The first three levels of the recursion tree for merge sort.

The value of each node comes from the nonrecursive work done for that subproblem. One can see the root value \(n\) comes from the \(\Theta(n)\) in the recurrence:

\(MergeSort(n) = 2MergeSort(n/2) + \Theta(n)\).

The \(2\) edges from the root are because \(MergeSort(n)\) makes \(2\) recursive calls, and the value of the children of the root \(n/2\) comes from the \(\Theta(n/2)\) in \(MergeSort(n/2)\). Let \(d\) be some depth within the tree, starting with \(d = 0\) at the root. In general, there are \(2^d\) nodes at each depth or level of the tree, and each node at that level has a value of \(n/2^d\).

Since we’re talking specifically about merge sort, and because it doesn’t actually affect the asymptotic bounds, let the base case of the recurrence be \(T(1) = 1\). As stated earlier, \(T(n)\) is equal to the sum of all node values in the tree. Suppose there are \(L\) levels in the entire tree, so there are \(2^L\) leaves with value \(n/2^L\). Since the leaves are base cases, we know \(n/2^L = 1\), which tells us the number of levels in the tree \(L = \lg{n}\).

There is one more key fact that allows us to determine the running time: the sum of node values at each level of the tree is \(n\). Putting it all together, the recursion tree consists of \(\lg{n}\) levels that each contribute \(n\) time, so the overall running time of \(T(n)\) is \(O(n \lg n)\).

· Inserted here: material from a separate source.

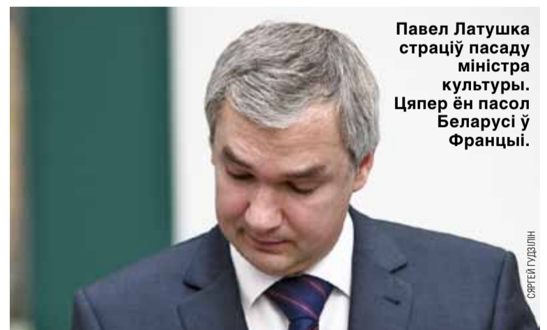
Павел Латушка страціў пасаду міністра культуры. Цяпер ён пасол Беларусі ў Францыі.

In general, there are many recurrences of the form \(T(n) = r~T(n/c) + f(n)\) with \(\Theta(1)\) base cases. The example we just saw had \(r = c = 2,\) and \(f(n) = n\). So, a recursion tree for this general recurrence is a complete \(r\)-ary tree where each node at depth \(d\) has value \(f(n/c^d)\). The running time is the level-by-level sum of node values:

\(T(n) = \sum\limits_{i = 0}^{L}{r^i \cdot f(n/c^i)}\).

We saw that \(L = \log_c{n}\) when \(n_0 = 1\) because \(n/c^L = n_0\) is the base case. We also saw there are exactly \(r^L = r^{\log_c{n}} = n^{\log_c{r}}\) leaves. The last key fact was really that the values of the leaves sum to \(n^{\log_c{r}} \cdot \Theta(1) = \Theta(n^{\log_c{r}})\).

The sum we just saw is a geometric series, whose asymptotic growth is given by the largest term in the series. With this in mind, there are three common cases where the running time is easy to evaluate:

Decreasing: if every term in the series is a constant factor smaller than the previous term, then the running time is dominated by the value at the root of the tree, and \(T(n) = \Theta(f(n))\).
Equal: if all terms in the series are equal, then \(T(n) = \Theta(f(n) \log{n})\). Merge sort falls under this case.
Increasing: if every term in the series is a constant factor larger than the previous term, then the running time is dominated by the sum of leaf values, so \(T(n) = \Theta(n^{\log_c{r}})\).